Cells containing a disclosure risk can be protected in the table
- by changing the structure of the table
- by suppressing individual cell values or entire rows
- by changing cell values, for example, by rounding
- by replacing the original cell value with an approximate random number.
When selecting the protection method of a table, efforts should be made to find a method that sufficiently protects the table but retains the features important for its intended use as well as possible.
Changing the structure of the table means controlling the number of variables or changing the classification. By changing the classification, the cells with a risk of disclosure are removed from the table by combining the categories containing them with other categories in the table. In practice, changing the classification usually means that the whole classification becomes less detailed.
Cell suppression includes primary suppression of cells with a risk of disclosure and secondary suppression. Secondary suppression ensures that the values of primarily suppressed cells cannot be disclosed by means of table row or column totals. Suppression can also be made specifically for each row. If only a small number of statistical units belong to a particular row total of the table (fewer than the used threshold value), the row is suppressed in total without regard to the number of statistical units in its different cells.
Further information about the data protection methods can be found in the materials of the Remote access to research data online guide.
Exporting research outputs and codes from remote access use
Research outputs and other material may be exported from the system only through a checking process. The checking ensures that no individuals or enterprises can be identified from the published data.
The number and size of files containing outputs must be kept reasonable. In practice, a reasonable number means only a few individual files that are meant to be published, not dozens of different versions or long log files intended for comparison by a group of writers, for example.
Output checking process
To export outputs from remote access use, open the Output check icon on the FIONA desktop. Fill in the opening form where you describe which material you intend to export from the remote access system. After this, the outputs are either checked manually in advance or if you are subject to random checks, you can receive the outputs directly to your email.
All outputs of new users are checked in advance. The probability of being subject to random checks rises when the user experiences approved consecutive preliminary checks. To avoid unnecessary rejections, all additional information affecting checking of the outputs should be written on the output checking form.

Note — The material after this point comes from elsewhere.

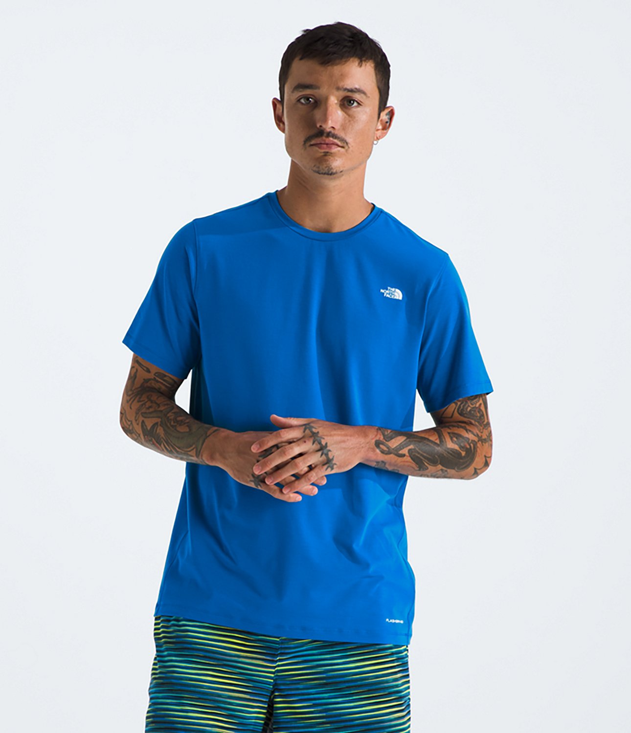 Look your best in The North Face Men's Adventure T-shirt. It is made of 92% recycled polyester and 8% elastane. The FlashDry-XDâ„¢ materials offer enhanced moisture management to help keep you comfortable, and its increased snag resistance provides extra durability. The short, set-in sleeves allow for a tailored look.
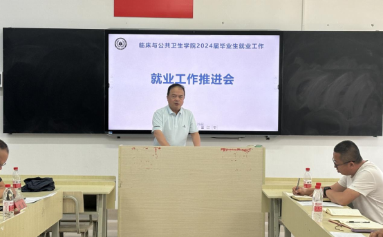 首先,由临床与公共卫生学院副院长王宝才对学院目前就业工作情况进行汇报,根据当前学院毕业去向落实率情况部署下阶段的就业工作目标和任务。

If there are breaches or errors in the output checking request or if the requested data are not described on a sufficient level, the Research Services may reject the output checking request. Then the streak of the user’s approved requests breaks, and the random checking procedure will be reset to preliminary checks. The sanction for serious and repeated breaches is removal from the random checking procedure and other measures resulting from data protection breaches.
If you are unsure about the data protection of the output, please contact the Research Services already before asking for the output to be exported from the system. The contact and advance assessment of the output's data protection do not affect how quickly the researcher can be subjected to random checks but it may reduce the occurrence of unclear situations.
Outputs based on Findata material
If you intend to request outputs from FIONA that are based on datasets according to Findata's user licence, the Findata form must be appended to the output checking request. The form can be found in FIONA and on Findata's website.
Fill in on the form
- information about the user licence of Findata by virtue of which datasets are in FIONA
- basic information about the outputs that are to be exported from FIONA.
Statistics Finland and Findata cooperate in monitoring the output checking requests, so the requested outputs from FIONA do not need to be delivered afterwards to Findata for checking, but it is sufficient to fill in the form properly.
Data protection of outputs to be published
The researcher is responsible for the data protection of their research outputs. The researcher must ensure that the outputs requested to be exported from the remote access system do not contain unit-level datasets or the possibility to disclose data concerning an individual observation.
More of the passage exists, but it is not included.